[Start of Attachment]

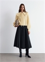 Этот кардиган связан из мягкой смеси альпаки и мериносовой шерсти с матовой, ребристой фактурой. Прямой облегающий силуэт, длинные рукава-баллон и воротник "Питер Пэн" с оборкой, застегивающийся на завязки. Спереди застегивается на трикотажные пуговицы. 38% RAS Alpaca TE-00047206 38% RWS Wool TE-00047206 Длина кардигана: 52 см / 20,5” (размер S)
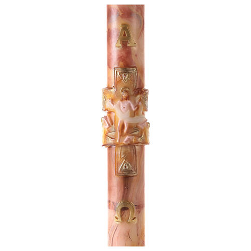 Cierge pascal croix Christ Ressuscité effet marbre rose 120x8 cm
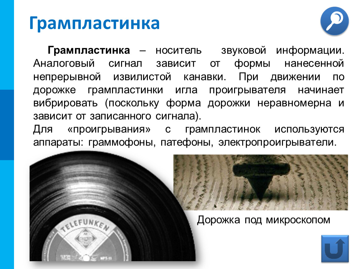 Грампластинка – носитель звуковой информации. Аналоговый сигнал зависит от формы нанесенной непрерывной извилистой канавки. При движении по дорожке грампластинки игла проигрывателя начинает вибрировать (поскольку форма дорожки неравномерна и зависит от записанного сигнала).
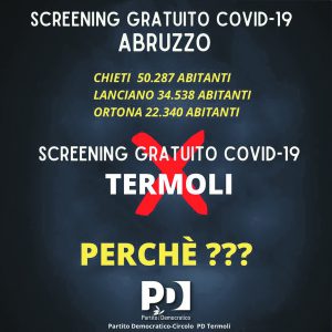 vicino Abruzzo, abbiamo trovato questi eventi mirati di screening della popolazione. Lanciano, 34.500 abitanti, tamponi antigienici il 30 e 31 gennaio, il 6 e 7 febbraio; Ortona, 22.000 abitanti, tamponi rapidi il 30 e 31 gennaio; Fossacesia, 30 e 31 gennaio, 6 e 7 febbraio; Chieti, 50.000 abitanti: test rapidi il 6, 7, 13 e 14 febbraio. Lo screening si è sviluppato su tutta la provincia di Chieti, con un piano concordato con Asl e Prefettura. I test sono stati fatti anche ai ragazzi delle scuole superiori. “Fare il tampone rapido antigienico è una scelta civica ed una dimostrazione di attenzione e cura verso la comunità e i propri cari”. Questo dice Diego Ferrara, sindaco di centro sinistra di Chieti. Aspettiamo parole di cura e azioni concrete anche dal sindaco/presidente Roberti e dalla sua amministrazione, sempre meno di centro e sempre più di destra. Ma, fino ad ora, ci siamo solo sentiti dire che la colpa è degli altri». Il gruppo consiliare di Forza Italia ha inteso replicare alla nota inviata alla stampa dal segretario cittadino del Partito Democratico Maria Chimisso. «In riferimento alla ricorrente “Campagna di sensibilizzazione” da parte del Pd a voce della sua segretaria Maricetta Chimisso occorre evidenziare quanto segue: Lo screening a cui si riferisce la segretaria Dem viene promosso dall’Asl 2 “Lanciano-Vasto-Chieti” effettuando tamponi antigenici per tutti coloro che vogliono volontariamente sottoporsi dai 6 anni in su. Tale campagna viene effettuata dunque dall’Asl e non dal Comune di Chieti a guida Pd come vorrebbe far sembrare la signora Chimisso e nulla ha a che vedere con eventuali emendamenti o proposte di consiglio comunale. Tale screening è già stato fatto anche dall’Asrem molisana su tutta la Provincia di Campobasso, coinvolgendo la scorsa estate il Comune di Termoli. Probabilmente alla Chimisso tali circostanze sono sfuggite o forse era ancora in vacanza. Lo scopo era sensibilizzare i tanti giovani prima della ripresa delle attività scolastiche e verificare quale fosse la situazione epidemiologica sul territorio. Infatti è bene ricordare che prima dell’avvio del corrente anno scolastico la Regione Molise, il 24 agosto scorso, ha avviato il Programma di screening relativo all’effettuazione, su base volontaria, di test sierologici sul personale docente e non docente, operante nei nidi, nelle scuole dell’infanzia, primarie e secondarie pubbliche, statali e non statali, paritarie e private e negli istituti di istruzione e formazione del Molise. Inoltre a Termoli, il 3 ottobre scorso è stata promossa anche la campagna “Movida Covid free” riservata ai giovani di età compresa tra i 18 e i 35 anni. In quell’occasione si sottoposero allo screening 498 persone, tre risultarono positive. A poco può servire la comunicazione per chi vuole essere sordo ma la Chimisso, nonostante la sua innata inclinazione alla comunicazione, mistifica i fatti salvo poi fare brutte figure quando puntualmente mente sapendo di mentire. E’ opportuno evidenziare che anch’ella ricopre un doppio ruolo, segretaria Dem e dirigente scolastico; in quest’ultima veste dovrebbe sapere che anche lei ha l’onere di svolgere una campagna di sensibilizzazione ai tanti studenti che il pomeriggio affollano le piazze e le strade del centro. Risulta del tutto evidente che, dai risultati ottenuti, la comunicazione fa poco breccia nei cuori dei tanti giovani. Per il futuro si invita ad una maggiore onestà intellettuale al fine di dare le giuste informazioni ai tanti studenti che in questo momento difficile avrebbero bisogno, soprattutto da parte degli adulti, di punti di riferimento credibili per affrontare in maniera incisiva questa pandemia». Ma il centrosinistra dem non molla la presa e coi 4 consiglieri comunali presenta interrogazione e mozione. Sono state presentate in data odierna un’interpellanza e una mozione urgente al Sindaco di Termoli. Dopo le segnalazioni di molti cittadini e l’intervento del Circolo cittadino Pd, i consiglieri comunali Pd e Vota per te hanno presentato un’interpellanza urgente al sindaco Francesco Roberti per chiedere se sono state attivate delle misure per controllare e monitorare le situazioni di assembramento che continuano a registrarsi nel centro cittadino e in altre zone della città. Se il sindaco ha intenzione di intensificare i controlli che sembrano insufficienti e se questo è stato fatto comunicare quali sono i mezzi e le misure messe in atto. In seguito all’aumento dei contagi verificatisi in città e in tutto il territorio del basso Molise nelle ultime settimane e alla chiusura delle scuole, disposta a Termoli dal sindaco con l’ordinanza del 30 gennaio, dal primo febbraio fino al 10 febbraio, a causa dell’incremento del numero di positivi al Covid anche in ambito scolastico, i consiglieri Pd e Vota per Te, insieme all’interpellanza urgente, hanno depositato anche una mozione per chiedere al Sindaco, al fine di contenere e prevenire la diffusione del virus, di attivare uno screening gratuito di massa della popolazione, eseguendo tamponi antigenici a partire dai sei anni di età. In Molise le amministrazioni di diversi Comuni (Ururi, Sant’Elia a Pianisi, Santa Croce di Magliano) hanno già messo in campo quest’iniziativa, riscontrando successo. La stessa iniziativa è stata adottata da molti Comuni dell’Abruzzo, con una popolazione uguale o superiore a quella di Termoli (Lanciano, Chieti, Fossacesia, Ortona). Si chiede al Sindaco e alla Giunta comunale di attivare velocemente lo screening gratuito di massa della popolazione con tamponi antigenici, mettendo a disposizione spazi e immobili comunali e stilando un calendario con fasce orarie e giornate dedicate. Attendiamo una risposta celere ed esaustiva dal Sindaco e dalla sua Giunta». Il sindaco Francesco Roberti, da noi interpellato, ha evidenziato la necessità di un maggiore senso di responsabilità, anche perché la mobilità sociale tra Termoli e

[End of Attachment]

Activity
Pictures excluded, give again exactly and only the lines of the material above from the line with "Cierge pascal croix" through the line with "Грампластинка – носитель".

Result
 Cierge pascal croix Christ Ressuscité effet marbre rose 120x8 cm
 Грампластинка – носитель звуковой информации. Аналоговый сигнал зависит от формы нанесенной непрерывной извилистой канавки. При движении по дорожке грампластинки игла проигрывателя начинает вибрировать (поскольку форма дорожки неравномерна и зависит от записанного сигнала).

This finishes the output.